XMLNS: xsi = “www.w3.org/2001/XMLSch…”
xmlns:aop=”www.springframework.org/schema/aop” xsi:schemaLocation=”
www.springframework.org/schema/bean… www.springframework.org/schema/bean…
www.springframework.org/schema/aop www.springframework.org/schema/aop/…
- Write the target class and configure:
public class ProductDaoImpl implements ProductDao {
@Override
public void save() {
System.out.println(“save”);
}
@Override
public void update() {
System.out.println(“update”);
}
@Override
public void find() {
System.out.println(“find”);
}
@Override
public void delete() {
System.out.println(“delete”);
}
}
- Write aspect classes, presumably for permission validation and configuration
public class MyAspectXML {
public void checkPri(){
System.out.println(“check auth”);
}
}
- Enhancements to the target classes are accomplished through an AOP configuration
aop:config
<aop:pointcut expression=”execution(* demo1.ProductDaoImpl.save(..) )” id=”pointcut1″/>
<aop:aspect ref=”myAspect”>
<aop:before method=”chechPri” pointcut-ref=”pointcut1″/>
</aop:aspect>
</aop:config>
Notification type
- Pre-notification: Action before the target method executes to obtain pointcut information
<aop:before method=”chechPri” pointcut-ref=”pointcut1″/>
public void checkPri(JoinPoint joinPoint){
System.out.println(“check auth “+joinPoint);
}
- Post notification: After the target method is executed, the method return value can be obtained
<aop:after-returning method=”writeLog” pointcut-ref=”pointcut2″ returning=”result”/>
public void writeLog(Object result){
System.out.println(“writeLog “+result);
}
- Circular notification: Actions before and after target method execution can prevent target method execution
<aop:around method=”around” pointcut-ref=”pointcut3″/>
public Object around(ProceedingJoinPoint joinPoint) throws Throwable{
System.out.println(“before”);
Object result=joinPoint.proceed();
System.out.println(“after”);
return result;
}
- Exception throw notification: Action when an exception occurs in the program
<aop:after-throwing method=”afterThrowing” pointcut-ref=”pointcut4″ throwing=”ex”/>
public void afterThrowing(Throwable ex){
System.out.println(“exception “+ex.getMessage());
}
- Final notification: equivalent to a finally block that executes regardless of whether the code has an exception
<aop:after method=”finallyFunc” pointcut-ref=”pointcut4″/>
public void finallyFunc(){
System.out.println(“finally”);
}
- Referral notices: not often used
Spring pointcut expression
Done based on the execution function
Syntax: The package name returned by the access modifier method. Class name. Method name (parameter)

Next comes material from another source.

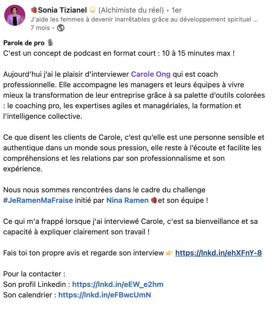 En plus de ses compétences reconnues par tous en matière de management et leadership ainsi que ses fortes connaissances et nombreuses expériences en agilité/SAFe, Carole a été pour moi une excellente marraine et coach pendant plus d’un an et demi.

Any field can use * instead of any value
Spring’s AOP is developed based on AspectJ annotations
Development steps
-
The introduction of the jar package
-
Setting up the configuration file:
The < beans XMLNS = “www.springframework.org/schema/bean…”
XMLNS: xsi = “www.w3.org/2001/XMLSch…”
XMLNS: context = “www.springframework.org/schema/cont…”
xmlns:aop=”www.springframework.org/schema/aop”
xmlns:tx=”www.springframework.org/schema/tx”
Xsi: schemaLocation = “HTTP: / / www.springframework.org/schema/bean…
www.springframework.org/schema/bean…
www.springframework.org/schema/cont…
www.springframework.org/schema/cont…
www.springframework.org/schema/aop
www.springframework.org/schema/aop/…
www.springframework.org/schema/tx
www.springframework.org/schema/tx/s…
- Write the configuration target class
public class OrderDao {
public void save(){
System.out.println(“save order”);
}
public void update(){
System.out.println(“update order”);
}
public void delete(){
System.out.println(“delete order”);
}
public void find(){
System.out.println(“find order”);
}
}
- Enable aop annotation automatic proxy
aop:aspectj-autoproxy/
- Write the aspect class and configure it
@Aspect
public class MyAspectAnno {
@Before(value=”execution(* demo1.OrderDao.save(..) )”
public void before(){
System.out.println(“before”);
}
}
Annotation notification type
-
@before: Pre-notification
-
@afterreturning: Post notification
@AfterReturning(value=”execution(* demo1.OrderDao.save(..) )”,returning=”result”)
public void after(Object result){
System.out.println(“after “+result);
}
- @around: Circular notification
@Around(value=”execution(* demo1.OrderDao.save(..) )”
public Object around(ProceedingJoinPoint joinPoint) throws Throwable{
System.out.println(“before”);
Object obj=joinPoint.proceed();
System.out.println(“after”);
return obj;
}
- @afterThrowing: Throws an exception
@AfterThrowing(value=”execution(* demo1.OrderDao.save(..) )”,throwing=”e”)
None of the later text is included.